Debugging gobject reference count problems
Debugging gobject reference leaks can be difficult, very difficult according to the official documentation. If you google this subject you will find numerous hits. A tool called RefDbg was created to address this specific need. It however appears to have lost effectiveness because (taken from the docs):
Beginning with glib 2.6 the default build does not allow functions to
be overridden using LD_PRELOAD (for performance reasons). This is the
method that refdbg uses to intercept calls to the GObject reference
count related functions and therefore refdbg will not work. The
solution is to build glib 2.6.x with the '--disable-visibility'
configure flag or use an older version of glib (<= 2.4.x).

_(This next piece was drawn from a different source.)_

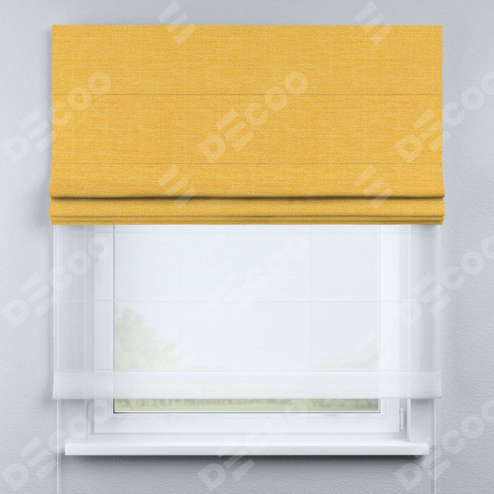 Римская штора день-ночь производителя «Cortin», используется для проёма, пошита из двух полотен, с лицевой стороны лён жёлтый артикул 63738, вторая ткань тюль (по стандарту комплектуется тюль белого цвета артикул V-01). Имеет универсальный механизм и подходит для монтажа: на потолок, на стену и в нишу.

Its often
helpful to build a debug version of glib anyways to get more useful
stack back traces.
I actually tried the tool and got the error “LD_PRELOAD function override not working. Need to build glib with –disable-visibility?” , so I kept looking. Another post lead me to investigate using systemtap which seemed promising, so I looked into it further. This approach eventually got me the information I needed to find and fix reference count problems. I’m outlining what I did in hopes that it will be beneficial to others as well. For the record, I used this approach on storaged, but it should work for any code base that uses gobjects. The overall approach is:
- Identify what is leaking
- For each object that is leaking in step 1, collect the needed information to help figure out why
Seems simple…
Step 1, identification
Step 1 is pretty much straight out of my initial information gathered on this topic and using systemtap. This is my version of the system tap file I used to figure out what was leaking.
global alive
probe gobject.object_new {
alive[type]++
printf ("CREATED:%s:%d:%p\n", type, tid(), object)
print_ubacktrace_brief()
print("\n")
}
probe gobject.object_finalize {
alive[type]--
printf ("DELETED:%s:%d:%p\n", type, tid(), object)
print_ubacktrace_brief()
print("\n")
}
probe end {
printf ("Alive objects: \n")
foreach (a in alive) {
if (alive[a] > 0)
printf ("%d\t%s\n", alive[a], a)
}
}
To utilize this you need to run your application via systemtap, eg.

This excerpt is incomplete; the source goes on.